Sin duda la labor que hace la Comunidad es impresionante y ojalá siga ayudando a tanta gente como ayuda muchísimo más tiempo.

Ana Portugal Revilla

Voluntaria

CUMPLIENDO UNA PROMESA

4 octubre 2019 Publicado por Noticias, Testimonios 0 comentarios sobre “CUMPLIENDO UNA PROMESA”

Me gustaría que mi testimonio sirviera para “dar un empujón” a esas personas que, como me ocurrió a mí, alguna vez han pensado en hacer un viaje distinto a los que hacemos habitualmente. Un viaje impulsado por una vocecita que suena en nuestro interior señalando que para vivir tenemos que dar un salto que nos saque de nuestra zona de confort,  con su componente de aventura, llevando con nosotros un granito de arena que junto al de otros se convertirá finalmente en una gran montaña.

Hace siete años, mi vocecita fue despertada por mi tía. En una de las presentaciones donde explicaba llena de entusiasmo los detalles, las vivencias y las experiencias que le aportaba el proyecto oftalmológico que desarrolla en Turkana (Kenia), me hizo ver que yo también podía hacer algo similar, que solo era cuestión de ilusión y dedicación.

Preguntando donde había hueco y donde podrían ser más útiles mis habilidades, me hablaron sobre las misiones de Etiopía y los colegios que tenían montados. Siete años después, puedo decir que me gustó la idea.

En siete años he visto cómo crecen los niños, cómo progresan las mujeres, cómo colaboran los hombres, cómo los arboles dan su fruto… En definitiva, he tenido el privilegio de ver cómo la comunidad se ha ido desarrollando.

Me hace mucha ilusión contar que después de ese tiempo hemos conseguido asentar un grupo de jóvenes en España que nos unimos mensualmente para compartir ideas y poner en marcha proyectos. A pesar de tener nuestros trabajos, estudios, a pesar del ajetreo de nuestras vidas, hacemos tiempo para reunirnos y sacar planes adelante. Es muy gratificante ver cómo incluso gente que no ha estado en Etiopía colabora desde aquí con la comunidad y se une a la causa. Porque no hace falta ir hasta allí para ayudar. Desde tu casa puedes colaborar haciendo tu aportación o ayudándonos a montar mercadillos, financiar proyectos y conseguir donaciones. Lo bonito de este viaje es el sentimiento de comunidad y el recibimiento que nos dispensan.

Hace 7 años, sentada en el porche de la casa de voluntarios de Andode, me hice la promesa de que volvería cada año y haría de esta comunidad mi familia y su casa mi casa. Solo he faltado un año, pero creo que puedo decir que estoy cumpliendo con mi promesa, viviendo cada año como si fuese el primero. Con las mismas ganas e ilusión.

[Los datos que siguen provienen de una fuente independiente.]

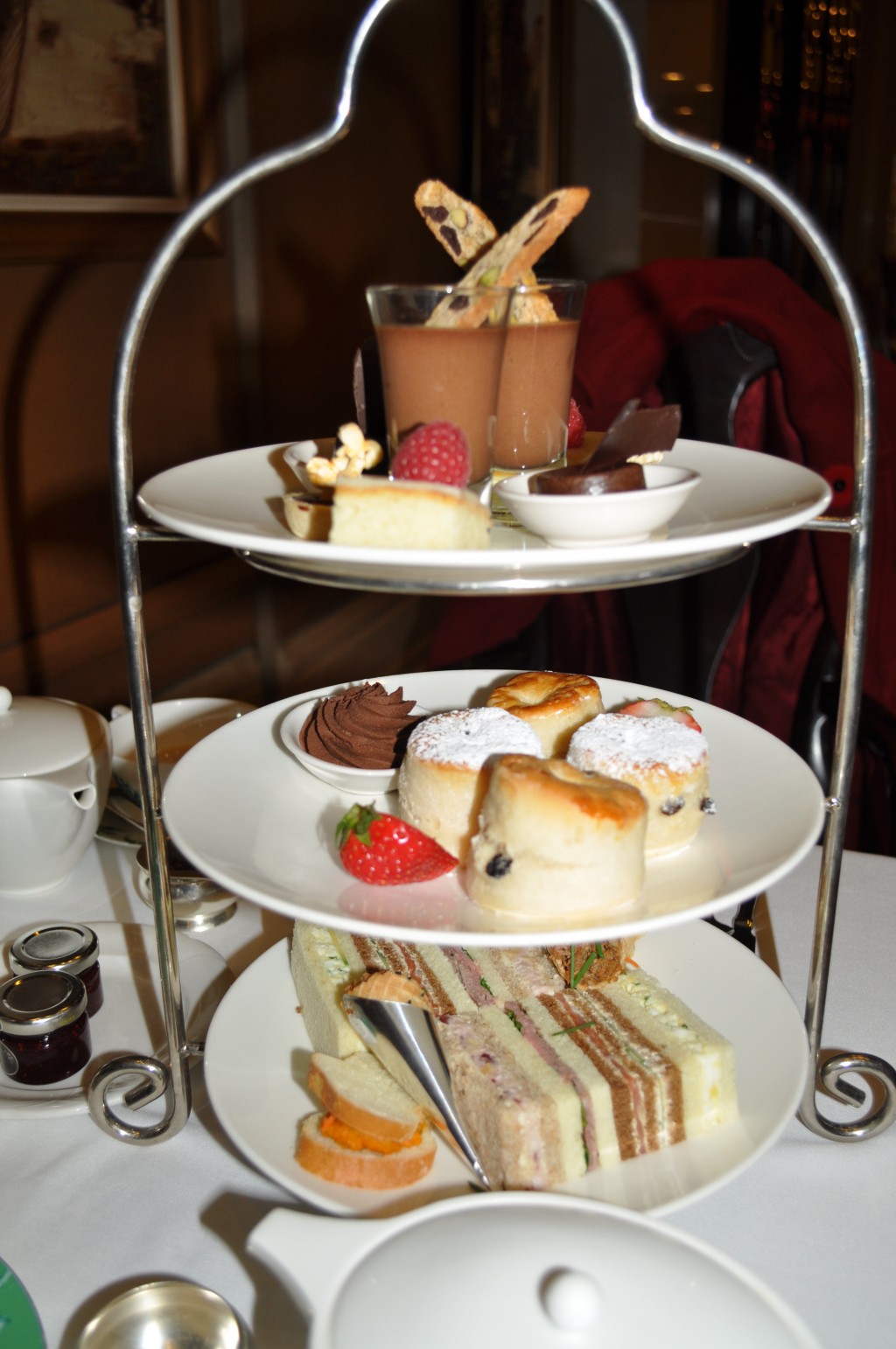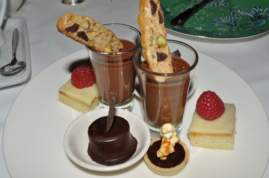 Of course, there were also the contents of the three-tiered silver stand to enjoy. The array of exquisite little sandwiches was the same as the one that comes with their usual tea, with the special addition of a cocoa butter-brushed sesame cone (I thought it tasted like a fortune cookie—but in a good way!) filled with duck confit. The non-chocoholic sandwiches were delicious as well. I especially liked the salmon and cucumber sandwich on pumpernickel bread (and I usually don’t like salmon), and its scrumptious accompanying red onion-and-caper cream cheese spread. I also was much impressed by the egg salad sandwich, which used avocado as well as mayonnaise to give creaminess and flavor, with the unusual addition of chopped scallions providing some welcome “bite.”

Agradezco a las misioneras y a la comunidad haberme dado la oportunidad de acompañarlas y de haberme hecho crecer como persona porque os puedo asegurar que hay cosas muchas, y muy importantes, que no se aprenden en el colegio, en la universidad o en el trabajo. Lecciones muy importantes en mi vida que sólo he aprendido allí.

A vosotros quiero deciros que da igual tu edad, tu trabajo, tu estatus, el país en el que vivas… Si te apetece, ¡VENTE!

¡¡GRACIAS, AMMASAGUENALEHU¡¡

María García Izquierdo

Voluntaria

 

Mas info – admin@mcspa.org

Mi Experiencia en Malawi

25 septiembre 2019 Publicado por Testimonios 0 comentarios sobre “Mi Experiencia en Malawi”

Mi nombre es Caroline Auer, tengo 27 años y soy de Farchant, un pequeño pueblo en el sur de Alemania. Soy educadora y pedagoga religiosa. Trabajo como asistente pastoral y profesora de religión en dos conjuntos parroquiales en la Arquidiócesis de Múnich y Freising. Después de mis estudios y mi primer año de trabajo, quería volver a viajar al extranjero por un período extendido para conocer una nueva cultura y el trabajo pastoral en otro país. Tuve la oportunidad de vivir casi tres meses en la comunidad misionera de San Pablo Apóstol en la parroquia de Benga, en Malawi, y formar parte de la comunidad. Compartir la vida cotidiana y la fe, aprender a entender y a amar el trabajo pastoral en las comunidades, así como una nueva cultura. Un tiempo enriquecedor y valioso que seguirá siendo inolvidable para mí.

Comenzar el día juntos con la misa y terminarlo con la oración de la tarde en la iglesia, las vísperas, así como el trabajo común diario me integraron en la comunidad misionera. Más aún, la gente local se convirtió en mi familia, me sentía a salvo y como en casa.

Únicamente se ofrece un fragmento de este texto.